Insights and Take-Aways from Keynote Presentations at WordCamp LA

WordCamp Los Angeles is held at Loyola Marymount University because the college and open-source software share the common goals of faith and justice.

If you want to learn WordPress, network with WordPress developers, or find WordPress support resources in Los Angeles, this event is an excellent place to do it.

Most of the keynote presentations shared genuinely helpful tips and tricks, were engaging, and even, in one case, adorable.  My favorite was Sé Reed, followed by Ben Metcalfe, who I wrote about separately in their own posts. Helpful WordPress tips and tricks from the other speakers I heard are summarized here.  On the downside, it was a hot day in Los Angeles, Seaver Hall was a sauna, and the stubborn campus wi-fi wouldn’t move even the lowest-res JPEGs to Flickr.

But comfort can be overrated.  I try not to depend on it.  Here’s what I learned.

Kimanzi Constable’s Keynote

Kimanzi Constable started with a presentation on the importance of telling good stories that connect with people emotionally. The bread delivery boy turned best-selling author shared how he didn’t start selling books until he began to connect with his audience on an emotional level.

Recommendations:

  • Tell a story about yourself that dovetails nicely with whatever you do on your website’s About Us page. Old-school bios are boring.
  • If you don’t have enough traffic on your site, guest post for bloggers you respect who do. They may not publish you the first time, but if you’re persistent enough and your content is a fit, sooner or later they will. Everyone has to feast the beast and guest posts are one way they pull it off.
  • Entertain first, educate second. Cause if you’re not entertaining, you’ll never get the chance to teach. Never lead with benefits or a spec sheet of features. Connect with people on an emotional level first.

Belsien Thomas’s Keynote

Next we heard from Belsien Thomas of WP Power Guide on best practices for adding e-commerce for WordPress installs who shared some useful charts on how to decide what e-commerce solution is right for you.

Recommendations:

  • If you’ve got fewer than 500 purchases per day and less than 1000 items in your catalog, WordPress solutions work just fine. There’s no need to build your own e-commerce solution for that kind of volume.
  • Templatic, StoreFrontThemes, SpalshingPixles, WooCommerce, MarketPress by WPMU and Themeforest.net are WordPress themes he suggests checking out.
  • Belsien did a very thorough analysis and says WP e-Commerce, WooCommerce and Shopp are the three plug-ins worth considering.

Belsien Thomas is a WordPress developer. You can find him at WP Power Guide.

Konstantin Obenland’s Keynote

Just like Wikipedia has a system by which editors review articles, WordPress has a process by which themes are approved and added the official Theme Repositiory at WordPress.org. Konstantin Obenland, a WordPress Core Contributor said there are currently 1,600 themes in the WordPress.org repository. Now there’s a theme review team which reviews child themes before they go live.

The goal of the theme repository “isn’t not to deliver every theme in the world, it’s to list the best ones,” according to Matt Mullenweg, who was quoted on a slide in their presentation.

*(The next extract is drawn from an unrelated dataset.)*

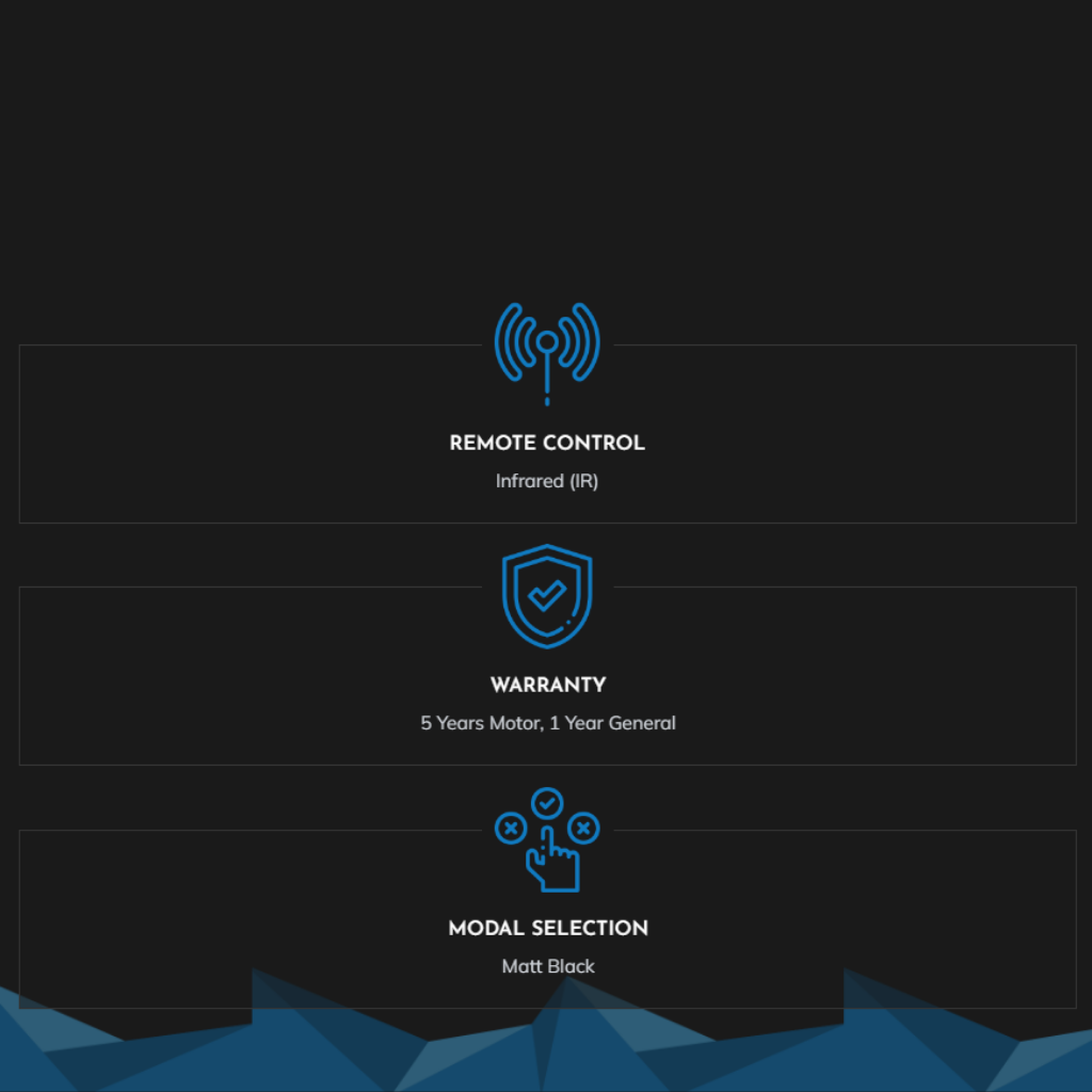 Model: MAGNA Series Blade Span: 78" Number of Blades: 8B Motor Type: DC Motor Speed Settings: Multi-Speed (Forward/Reverse) Control: Remote Control Available Colours: Matt Black Warranty: 5 Years Warranty on Motor 1 Year Warranty on Internal Parts

So the themes in the repository are selected to give end users convenience, quality, reliability and freedom.

Chirs Lema’s Keynote

We’re living in an age where vendors are available on a global basis to support the development of online businesses. If you don’t outsource you’re limited to the people and skills you can find locally. But managing teams remotely requires new skills. Having success in distributed contexts is what Chris Lema spoke about. Managing freelancers remotely can be tough. Chris explained when outsourcing online development work makes sense.

Recommendations:

  1. Constantly check the pulse of your team. Check in with them all the time.
  2. Put them in an impossible situation and try and get them to fail fast. You want people who tell you when they’re stuck and who ask for help when they need it, rather than waste your time and money trying to solve problems alone.
  3. Ask if things are done, done? Done, done means there’s no but after the question, “Is it done?” Manage the small stuff daily. Don’t send someone off for two weeks to achieve something big. Find out what’s going on as it’s happening.
  4. Check in daily, and use surpirse Google Hangouts to see if your team is actually at their computer working. If they’re in a cafe, they’re not working.

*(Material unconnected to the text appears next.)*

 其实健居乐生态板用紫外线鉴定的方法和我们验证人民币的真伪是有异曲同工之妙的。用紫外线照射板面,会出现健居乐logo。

Chris’s favorite tools for managing teams remotely:

  • Google Hangouts for visual check ins
  • Basecamp project management
  • Asana for task tracking
  • Instant Messenger for conversations
  • Jing for screen captures
  • SnagIt for screen shots

At the end of the day, the person managing the project has to be the chief storyteller. She has to remind the team about the customer pain you’re trying to solve. You’ve got to tell that story over and over again. He’s got a book about managing virtual teams as well. He was a dynamic speaker. Well done.

I’m glad I made it out to this year’s event.  As an online social media training provider focusing on content, it’s important for me to not only stay abreast of developments in open source, but also to learn business skills related to working with teams in a virtual world.

Thanks Austin Passey for organizing the day’s events!